┏━━

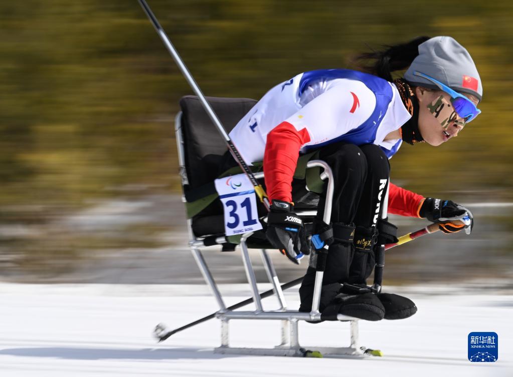 這是2022年3月6日,中國選手楊洪瓊在北京2022年冬殘奧會殘奧越野滑雪女子長距離(坐姿)比賽中。
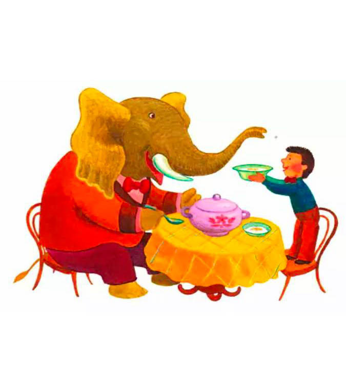 Одному мальчику очень хотелось, чтобы к нему пришел в гости слон. Он, конечно, очень большой, но путь просунет в дверь длинный хобот. Его можно будет угостить кашей.
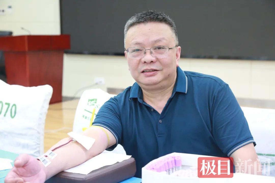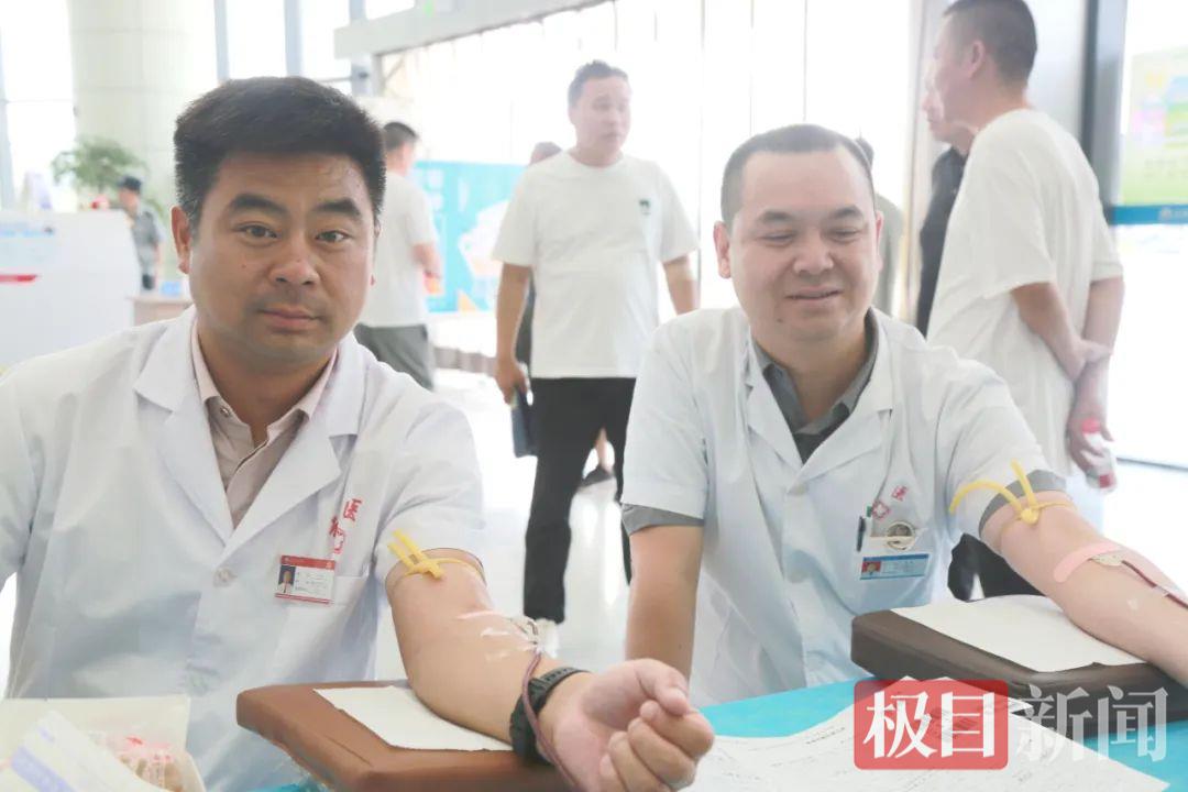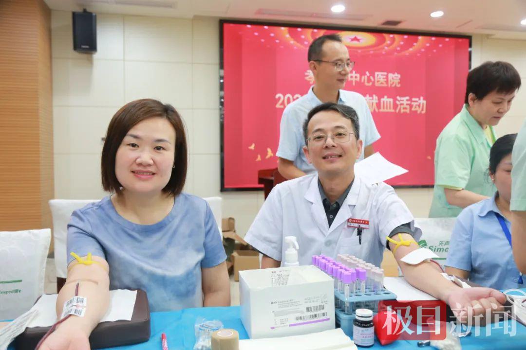 孝感市中心医院输血科主任董亮和妻子一同前来无偿献血。夫妻二人默契地伸出胳膊,鲜红的血液缓缓流入采血袋。
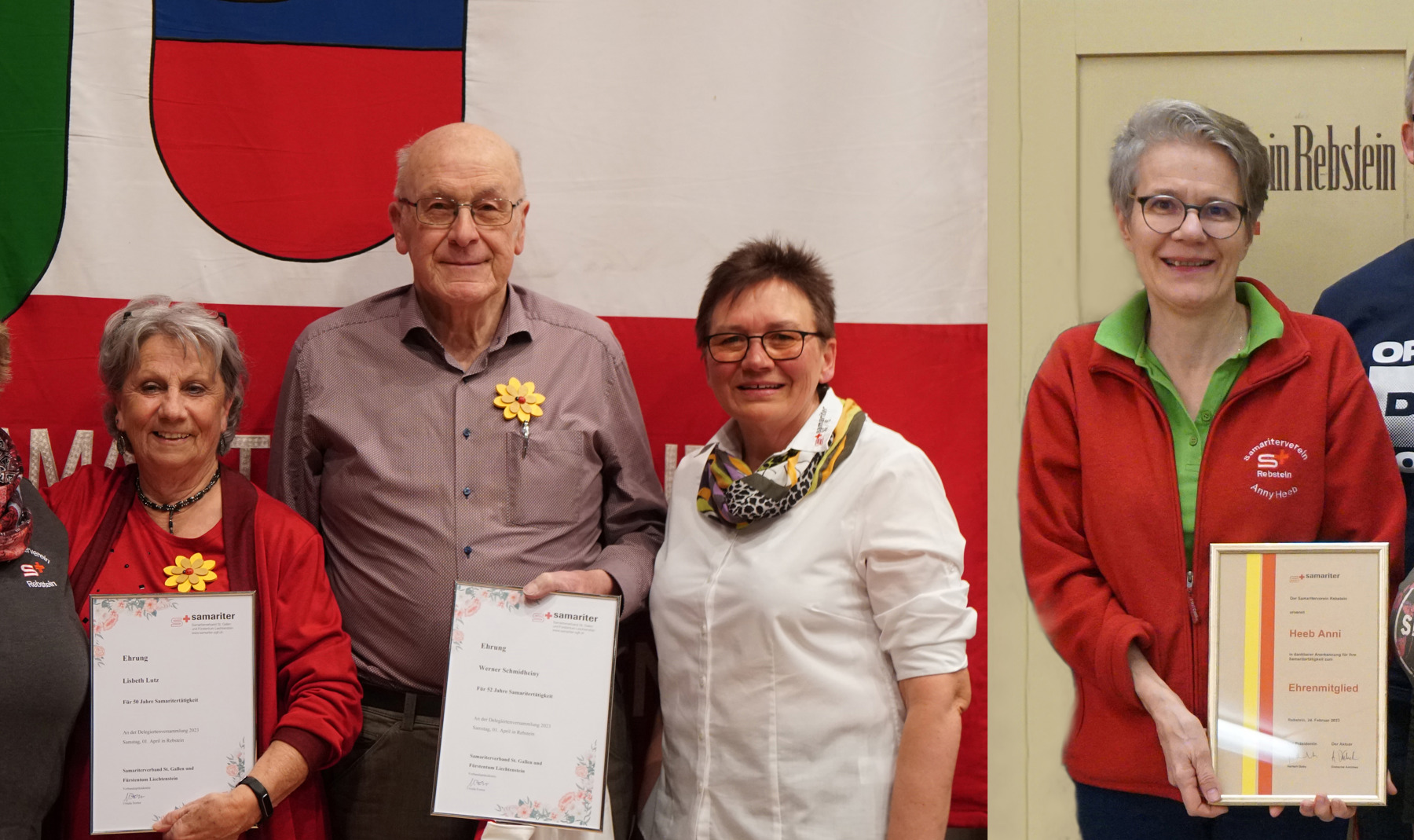 Seit 50 und sogar 52 Jahren sind Lisbeth Lutz und Werner Schmidheiny Aktive in Rebstein. Für diese Leistung wurden beide an der Delegiertenversammlung des Samariterverbandes SG/FL geehrt. Lisbeth Lutz ist die gute Seele bei den Rebsteiner Samaritern und dort ebenfalls Ehrenmitglied.
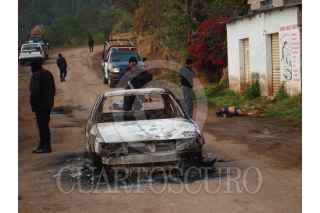 OAXACA, OAXACA 06MAYO2008.-Esta tarde en conferencia de prensa, familiares de las victimas asesinadas el pasado fin de semana, temen por su integridad y se alojan en Oaxaca desde el domingo. Un conflicto agrario entre Chalcatongo de Hidalgo, Tlaxiaco y esta población, provocó el sádico homicidio de tres personas, presuntamente por órdenes del ex presidente municipal Fredy Eucario Morales Arias, debido a un añejo conflicto agrario, el pasado fin de semana dos personas fueron asesinadas y una más quemada viva dentro de un taxi del sitio "Yundutia", presuntamente por órdenes del ex presidente de Santo Domingo Ixcatlán, Fredy Eucario Morales Arias. Segun las investigaciones policiacas se presume que el taxista Gustavo Castañeda Martínez fue roseado con gasolina y quemado vivo dentro de su vehículo; Inocencio Medina Bernabé fue asesinado con un rifle de asalto AK-47, conocido como "cuerno de chivo" y a Melesio Martínez Robles le cercenaron los genitales y las extremidades inferiores. FOTO: MAX NUÑEZ/CUARTOSCURO.COM

┗━━

# [Task statement]
Within the listing above, the lines from the one with "孝感市中心医院输血科主任董亮" through the one with "Seit 50 und" are to be given again word for word. Do not include pictures.

# [Exercise output]
 孝感市中心医院输血科主任董亮和妻子一同前来无偿献血。夫妻二人默契地伸出胳膊,鲜红的血液缓缓流入采血袋。
 Seit 50 und sogar 52 Jahren sind Lisbeth Lutz und Werner Schmidheiny Aktive in Rebstein. Für diese Leistung wurden beide an der Delegiertenversammlung des Samariterverbandes SG/FL geehrt. Lisbeth Lutz ist die gute Seele bei den Rebsteiner Samaritern und dort ebenfalls Ehrenmitglied.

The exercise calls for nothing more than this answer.